Abstract
The cystic-fibrosis transmembrane conductance regulator (CFTR) functions as a cAMP-regulated Cl− channel and as a regulator of other membrane conductances. cAMP-dependent activation of CFTR inhibits epithelial Na+ channels (ENaC). The specificity of interaction between CFTR and ENaC was examined by coexpression of ENaC and ATP-binding cassette (ABC) proteins other than CFTR. In addition, we identified domains within CFTR that are of particular importance for the inhibition of ENaC. To that end, two-electrode voltage-clamp experiments were performed on Xenopus oocytes coexpressing ENaC together with CFTR, the multidrug resistance protein MDR1, the sulfonyl urea receptor SUR1, or the cadmium permease YCF1. Except for CFTR, none of the other ABC proteins were able to inhibit ENaC. Several truncated versions of CFTR were examined for their inhibitory effects on ENaC. In fact, it is shown that C-terminal truncated CFTR is able to inhibit ENaC on activation by intracellular cAMP. Moreover, the data also show that an intact first-nucleotide binding domain (NBF-1) is important for inhibition of ENaC. We conclude that NBF-1 of CFTR contains a CFTR-specific regulatory site that down-regulates ENaC. It is speculated that this regulatory site also is needed for CFTR-mediated interactions with other membrane proteins and that it is not present in NBF-1 of other ABC proteins.

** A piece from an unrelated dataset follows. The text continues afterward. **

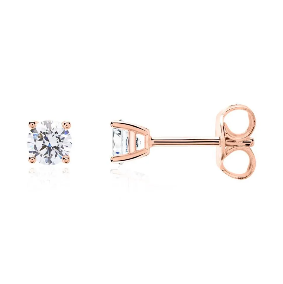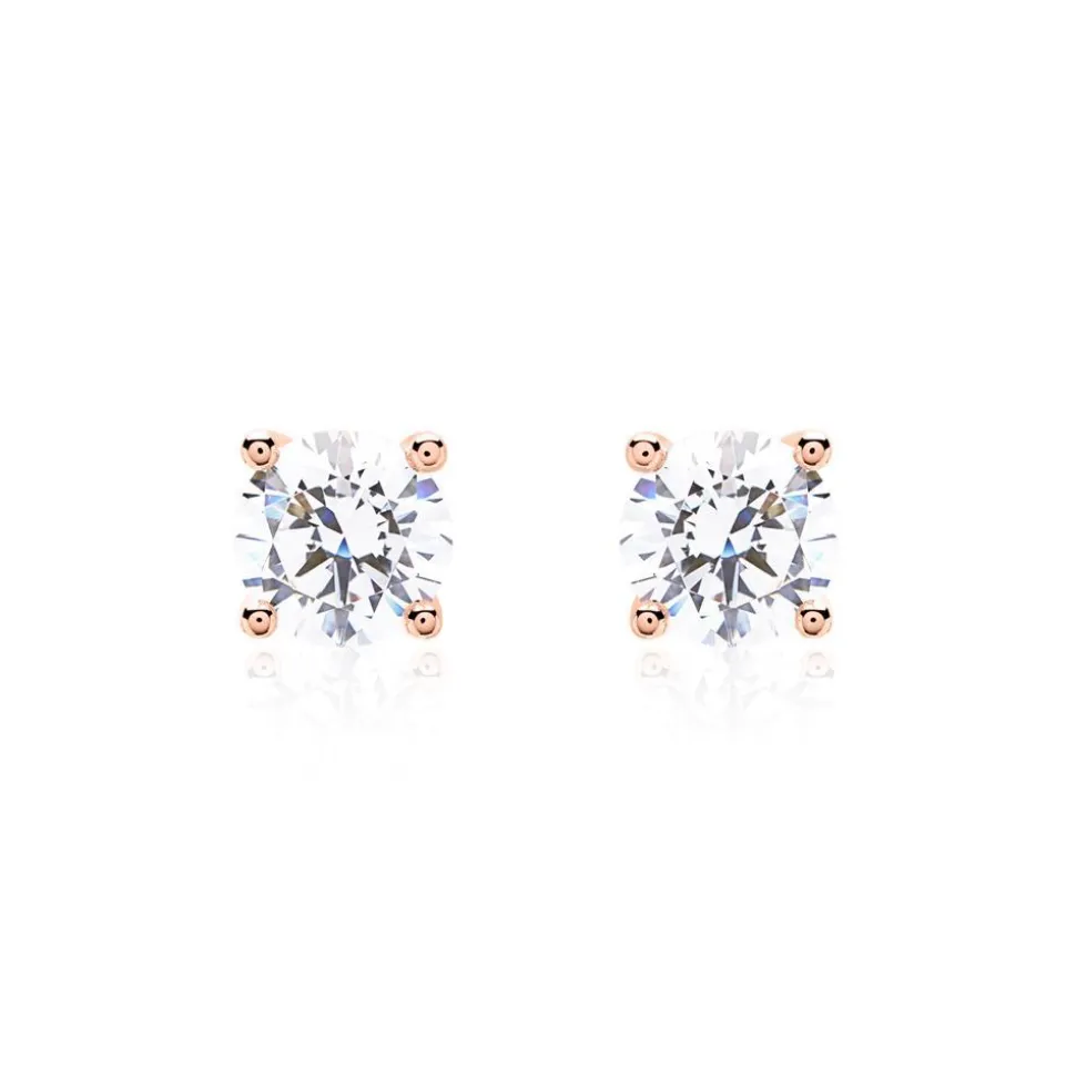 Diese Ohrstecker begeistern mit ihrem eleganten Aussehen. Sie besitzen jeweils einen lab-grown Diamanten, der von einer 4-Krappenfassung aus 14-karätigem Roségold gehalten wird. Der Diamant verfügt zudem über einen Brillantschliff und die Karatanzahl der beiden Diamanten ist auswählbar. Da lab-grown Diamanten mittels modernem Herstellungsverfahren im Labor entstehen, sind sie selbstverständlich ethisch einwandfrei und zudem noch umweltfreundlich. Ein Brilladia-Zertifikat gibt Auskunft über ihre Herkunft und Qualität und lab-grown Diamanten ab 0,30 ct. verfügen außerdem noch über ein Zertifikat des bekannten IGI-Instituts mit einer Auskunft über alle wertbestimmenden Eigenschaften. Die nachfolgende Tabelle enthält Informationen zur Qualität des jeweiligen Steingewichts der lab-grown Diamanten.

Keywords: Xenopus oocytes, MDR1, YCF1, SUR1
The epithelial Na+ conductance (ENaC) in luminal membranes of airway epithelial cells is enhanced in cystic fibrosis (CF; refs. 1–3). It has been shown that this enhancement is caused by the inability of mutant CF transmembrane conductance regulator (CFTR) to inhibit ENaC (3, 4). In non-CF airways, ENaC is down-regulated during activation of CFTR, thereby switching the epithelium from absorption to secretion of NaCl. A defect in this process may contribute significantly to the pulmonary disease in CF. Previous measurements of the rectal potential difference of patients with CF also suggested an enhanced amiloride-sensitive Na+ conductance for intestinal epithelium (5). This suggestion is supported by subsequent studies identifying this defect in the intestinal tract of CFTR (−/−) knockout mice (6). In fact, recent experiments performed on human intestinal biopsies indicated enhanced amiloride-sensitive short-circuit currents in the CF intestinal epithelium that are caused by a defect in CFTR-dependent inhibition of ENaC (M.M., M. Bleich, J. Kühr, M. Brandis, R.G., and K.K., unpublished work).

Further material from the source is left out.